Евгения Иванова
Был ли у Тараканища прототип?
Светлой памяти Елены Цезаревны Чуковской
В биографии Чуковского есть легенды, которые бесполезно опровергать, настолько они живучи. Почти каждый, кто во взрослом состоянии читает «Тараканище», рано или поздно задумывается над вопросом: а не Иосифа ли Виссарионовича автор имел в виду? Но у Чуковского всегда было железное алиби: первое издание «Тараканища» печаталось в конце 1922 года1, когда Сталин ничем особенным себя не успел прославить, и всякому, кто знает нашу советскую историю, понятно, что такие тараканы-победители, тараканы-повелители были и до Сталина, так что есть смысл поискать других претендентов на роль прототипа.

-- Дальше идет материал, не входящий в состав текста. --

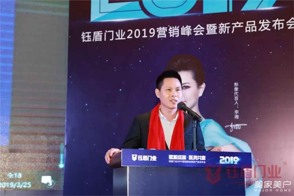 鈺盾門業(yè)總經(jīng)理賀源糧先生做開幕致辭, 2019年鈺盾門業(yè)將從新品研發(fā),品牌推廣、終端幫扶等維度出發(fā)切實幫助經(jīng)銷商,同時為大家創(chuàng)造和提供更多的有利發(fā)展的經(jīng)營思路和經(jīng)營空間,雙方的合作不僅賺取合理的投資回報,同時也要搶占更多的市場份額。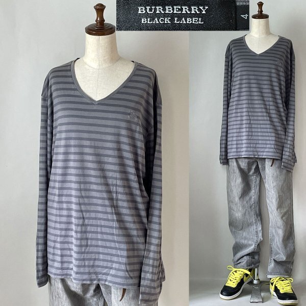 > ★【国内正規品 並品】バーバリー ブラック レーベル ホースマーク 刺繍 コットン100% Vネック ボーダー 長袖 Tシャツ サイズ4 ロンT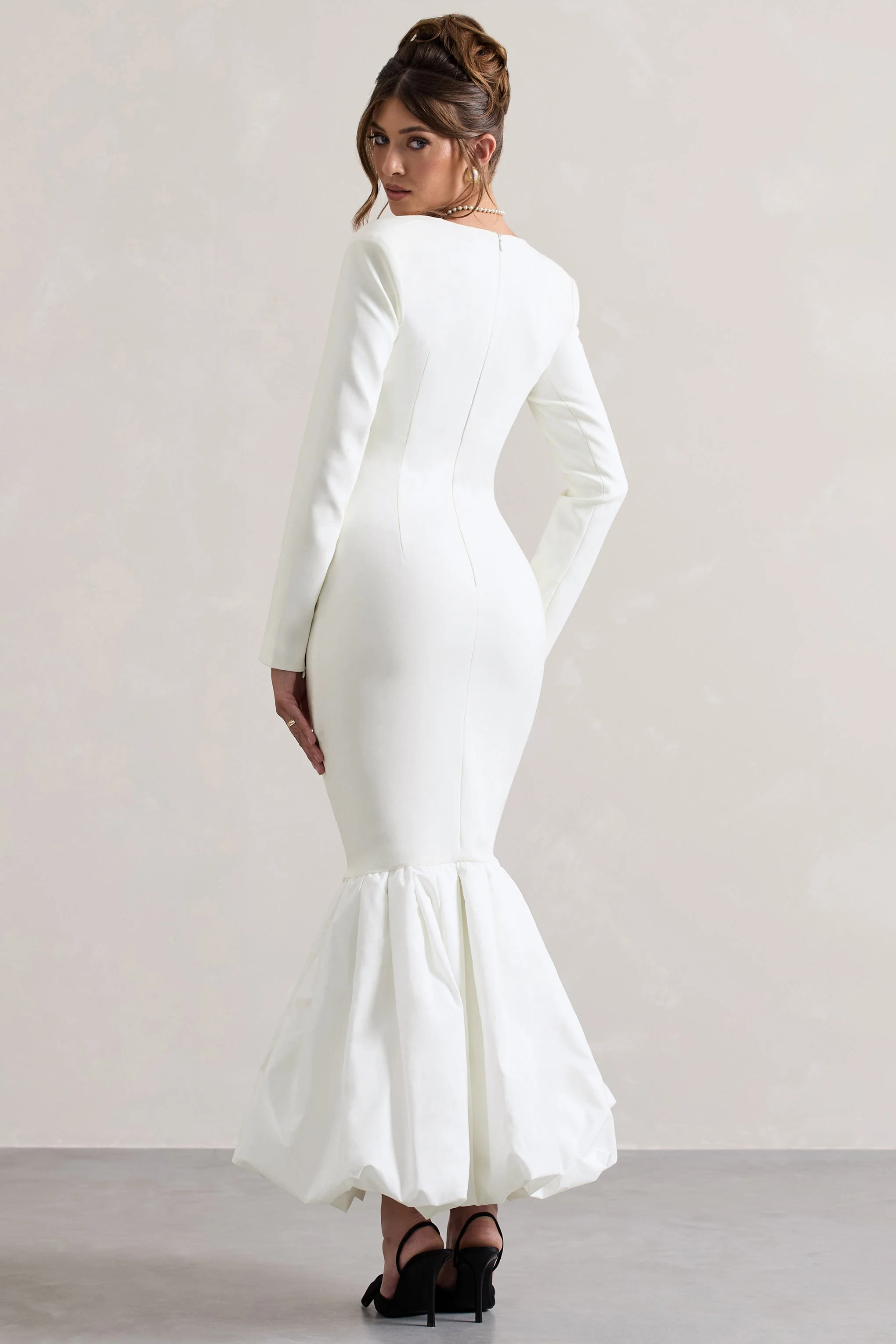 London | Cream Sweetheart Maxi Dress With Volume Hem

Чуковский ни разу не упомянул в автобиографии, узнал ли он в одном из большевистских диктаторов — Льве Троцком — молодого человека, с которым он мог быть знаком в Одессе, где оба учились в 1890-е годы (Чуковский — в гимназии, Троцкий — в реальном училище). Впрочем, Троцкий в Одессе учился недолго, он также никогда не упоминал о знакомстве с Чуковским, разве что походя назвал его «гимназистом». Так что можно только предполагать, были ли какие-либо личные мотивы за разносами, которые ему время от времени учинял Троцкий. До революции эти разносы печатались в достаточно маргинальных изданиях вроде «Киевской мысли», и неизвестно, заметил ли их Чуковский в потоке откликов на его статьи и лекции о футуристах, статью о Нате Пинкертоне; во всяком случае, ни в письмах, ни в дневниках Чуковского дореволюционные статьи Троцкого о нем не упоминаются.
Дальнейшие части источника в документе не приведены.